Applying for a mortgage in France is actually very similar to applying for one in Britain – but there are some differences it pays to be aware of.

For starters, the mortgage application process in France usually takes around 60 days – considerably longer than in the UK.

If you’re thinking of taking out a French mortgage, read our quick guide for all the info you need to know.

Preparing for your application

Before the application process can even begin you’ll of course need to make sure that you’re prepared to take out a mortgage and have a solid idea of how much you’re hoping/able to borrow. This can have a significant impact on your property search and the types of property you’re able to consider.

It’s also sensible to compile any documentation you’re likely to need for the application process so you don’t end up causing delays.

Typically the documents you’ll need during the mortgage application process include: passport, marriage certificate, tax notices, wage slips (or audited accounts for the self-employed), sale contract, proofs of deposits and bank statements from the past three months.

Most of these will be used as proofs of identity and earnings for the mortgage lender.

There will be a large number of lenders you could use, so do your research, approach several and see who can offer you the best deal in terms of amount to be borrowed and the interest rate.

Some lenders may also have different requirements when it comes to the amount of deposit you need to pay. Quite often the deposit can be up to 20% of the purchase price for foreign nationals looking to buy in France, so research is crucial!

Something else you should look into is having your mortgage lender provide a pre-approval mortgage certificate, which acts like a UK mortgage in principle and indicates how much the lender is willing to loan you for your purchase.
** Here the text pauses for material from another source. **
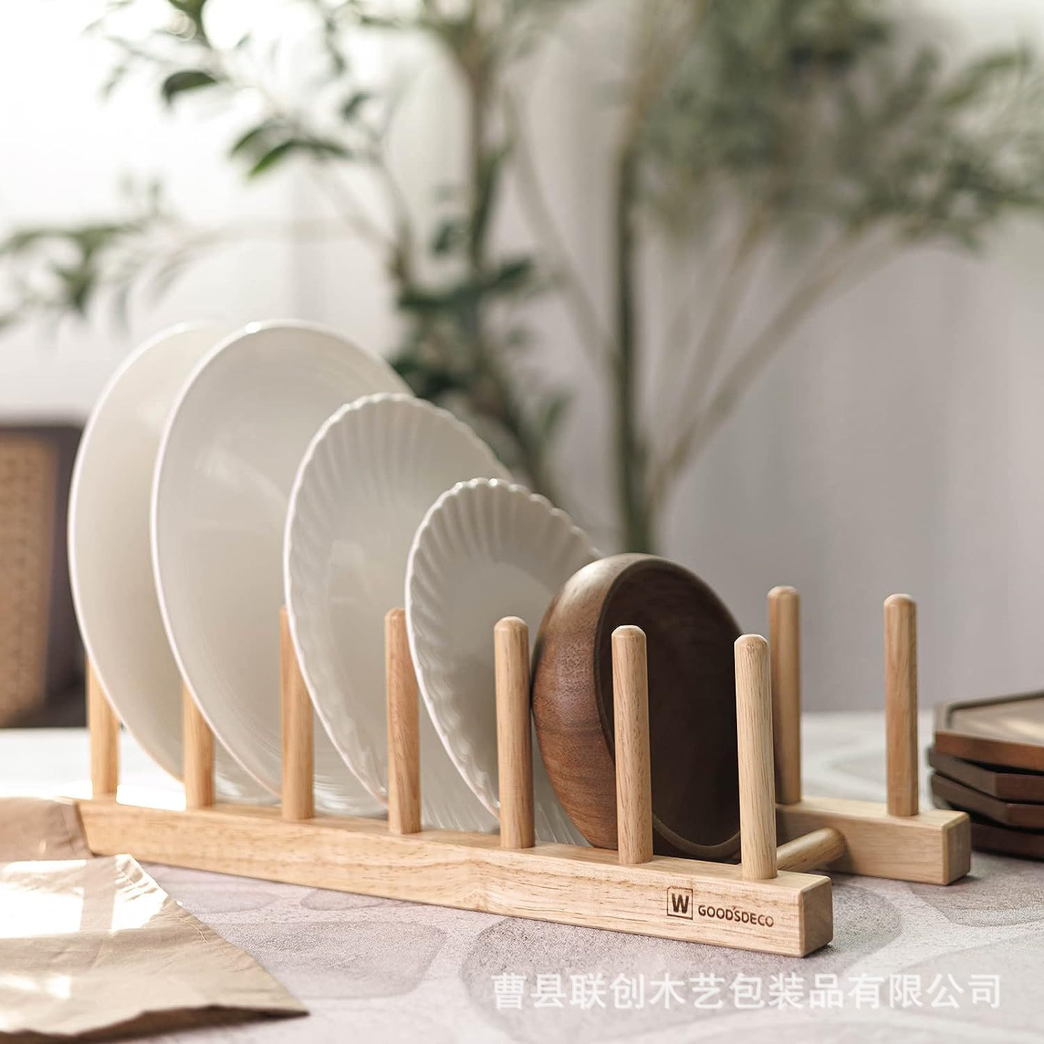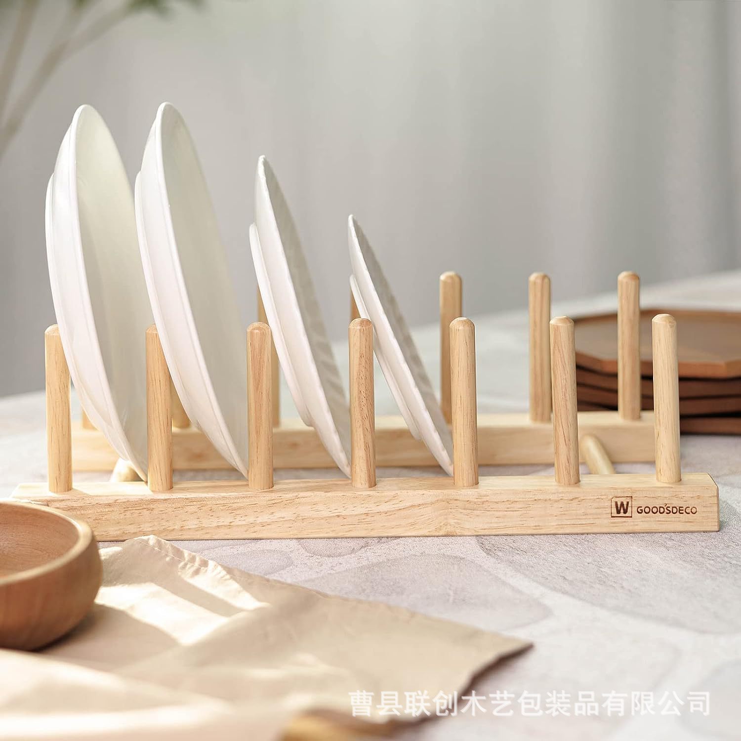 木质简约碗碟沥水架餐厅碗碟放置架家用盘子干燥架实木简约置物架

You may like to take out insurance or mortgage protection too so you’re covered if anything goes wrong, this is usually around 0.5% of total costs.

Once you’ve organised your essential documentation and are ready to make your offer, make sure that the purchase contract on the property has the condition that contract completion is subject to including a mortgage – you can’t get a firm mortgage offer in France without signing a contract on the property first.

The mortgage application process

After your offer is made and all parties are satisfied with it and the conditions, the formal French mortgage application process begins with the signing of the ‘Compromis de Vente’ – the sale agreement.

The Compromis de Vente is a contract that binds you to buy and the seller to sell and usually comes alongside a deposit payment which is around 10% of the buying price.

As mentioned before, the agreement offer will have included a mortgage as a condition.

After the contract is signed and sent to a lender, there is a six-day cooling period in which you can prepare for the next steps while you wait, such as making the actual mortgage application and filling in banking forms with your prepared documents at hand.

This cooldown period is also the point where you can withdraw from the process if needs be.

Once the cooldown period has ended, your application and documents should be sent off to the lender for their consideration.

Assuming you have complied with all the terms, try not to worry about the lender making a possibly negative decision. If the lender decides not to proceed, you can withdraw and have your deposit returned to you.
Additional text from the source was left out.